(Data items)
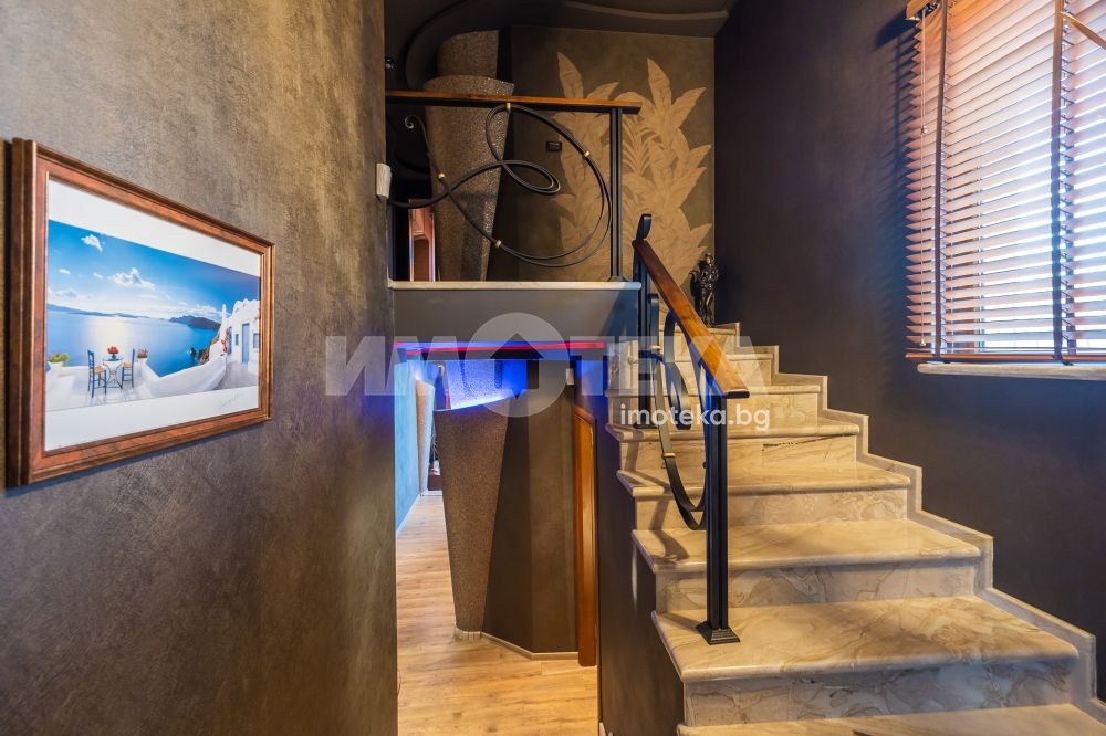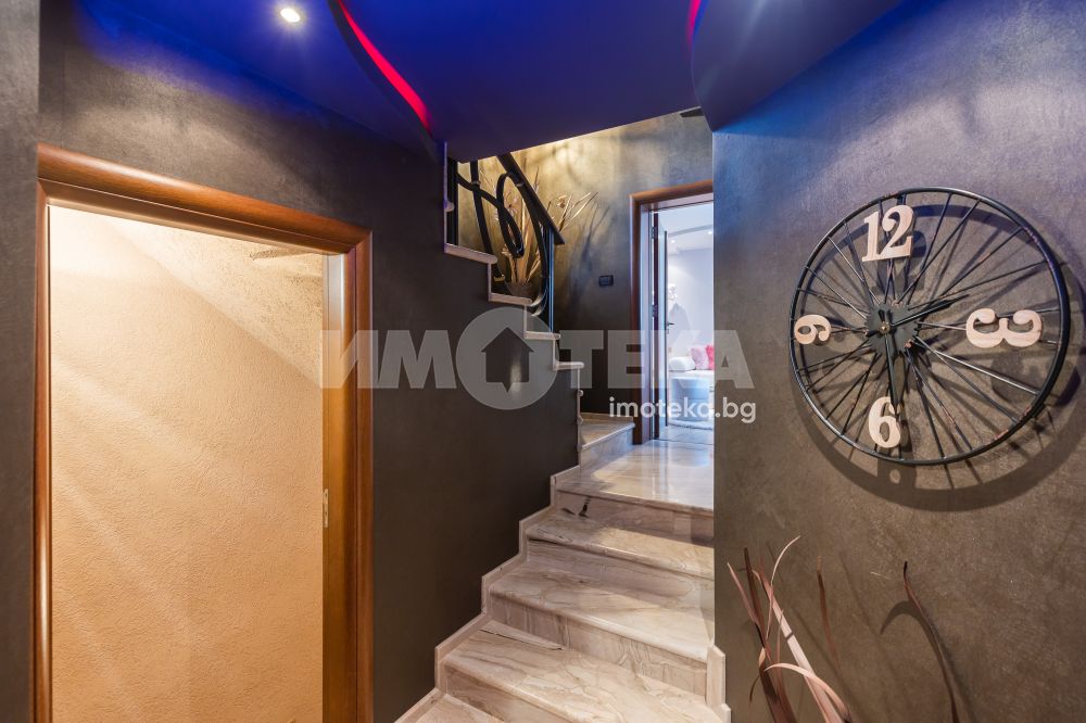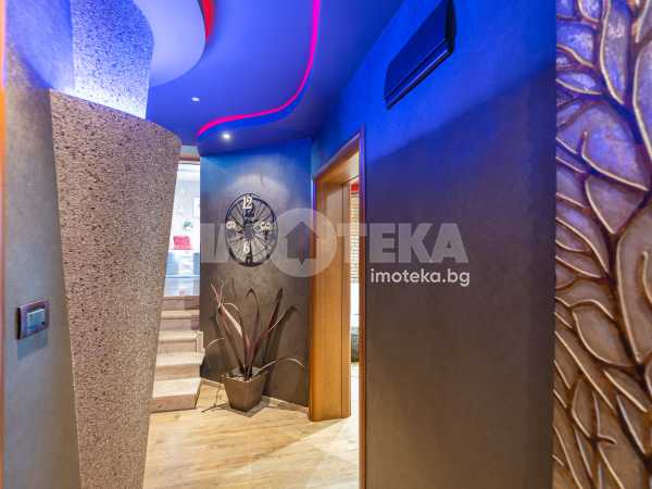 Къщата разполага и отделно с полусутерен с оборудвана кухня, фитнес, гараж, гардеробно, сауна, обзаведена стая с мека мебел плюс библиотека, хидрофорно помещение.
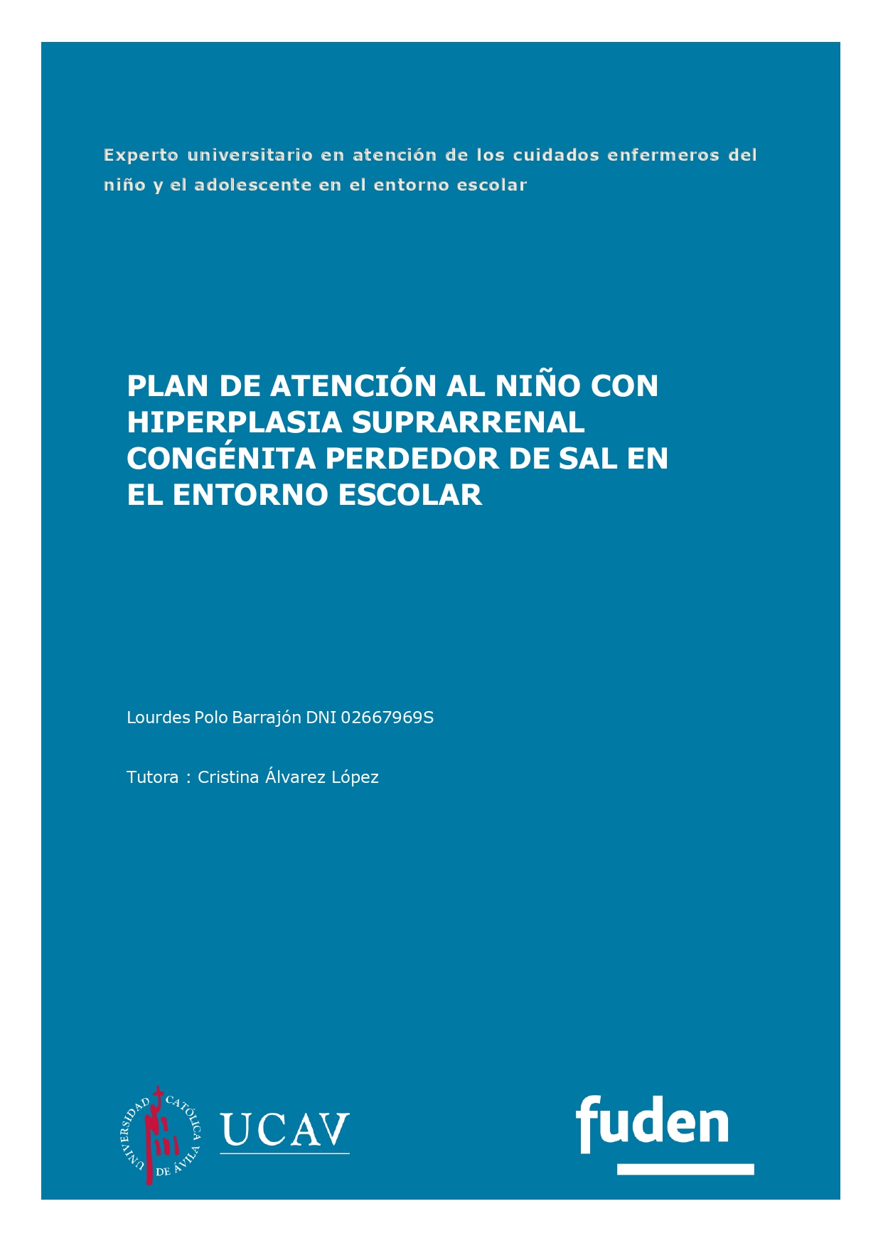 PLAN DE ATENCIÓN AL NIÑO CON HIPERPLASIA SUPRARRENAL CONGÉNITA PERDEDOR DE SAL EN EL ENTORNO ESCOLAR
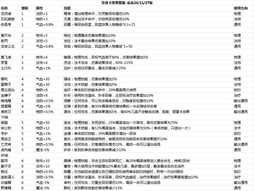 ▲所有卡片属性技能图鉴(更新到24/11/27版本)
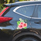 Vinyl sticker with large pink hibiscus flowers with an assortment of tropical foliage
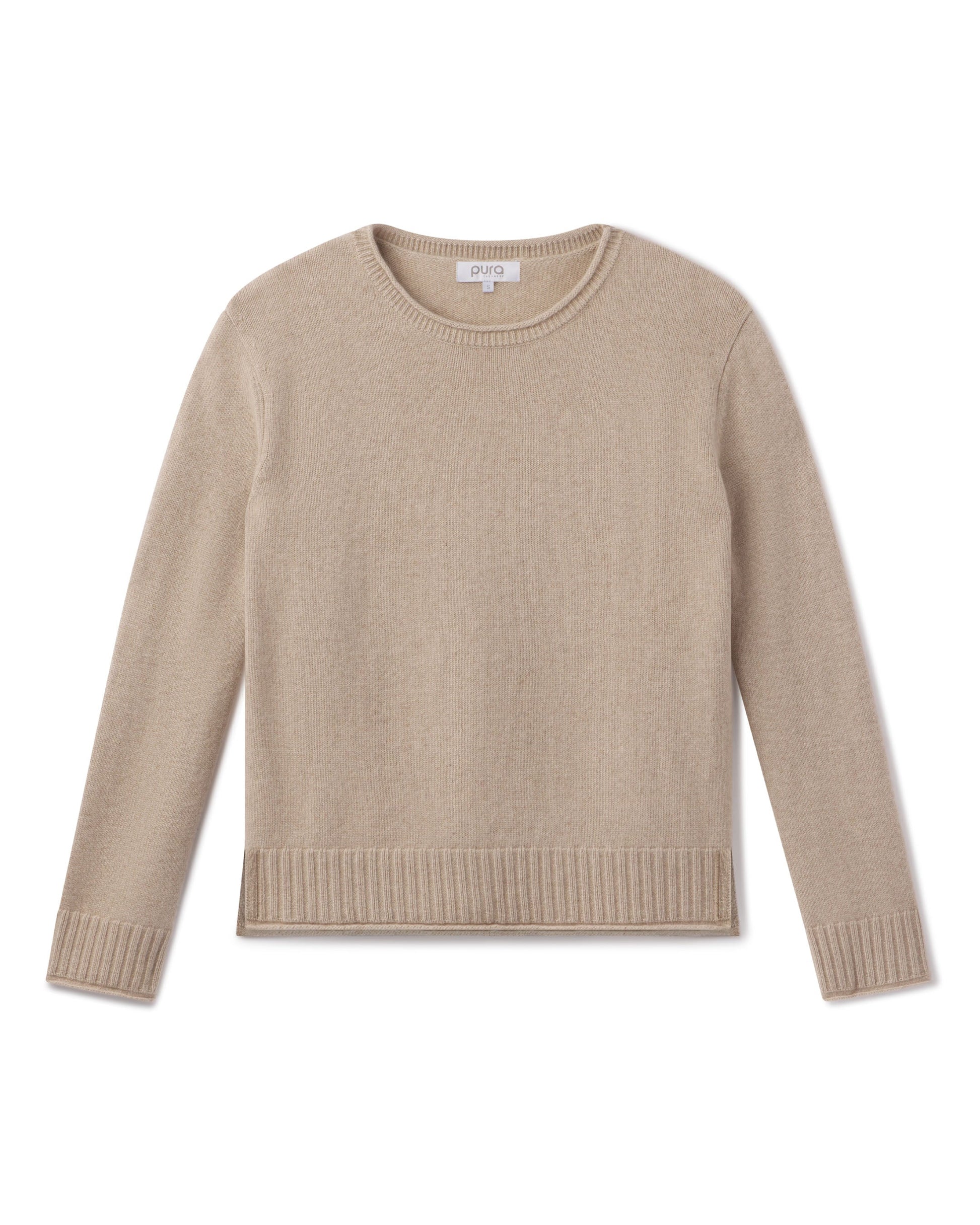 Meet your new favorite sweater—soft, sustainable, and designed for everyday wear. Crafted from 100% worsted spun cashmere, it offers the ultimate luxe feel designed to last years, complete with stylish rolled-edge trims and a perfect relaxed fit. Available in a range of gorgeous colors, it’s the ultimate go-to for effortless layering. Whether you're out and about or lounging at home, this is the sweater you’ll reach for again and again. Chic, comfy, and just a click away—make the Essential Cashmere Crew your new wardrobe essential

**WORK REQUIRED**: Beginning at the line above that contains "PLAN DE ATENCIÓN", repeat each line exactly through the one that contains "Vinyl sticker with", and leave out the pictures.

**EXERCISE RESPONSE**:
 PLAN DE ATENCIÓN AL NIÑO CON HIPERPLASIA SUPRARRENAL CONGÉNITA PERDEDOR DE SAL EN EL ENTORNO ESCOLAR
 ▲所有卡片属性技能图鉴(更新到24/11/27版本)
 Vinyl sticker with large pink hibiscus flowers with an assortment of tropical foliage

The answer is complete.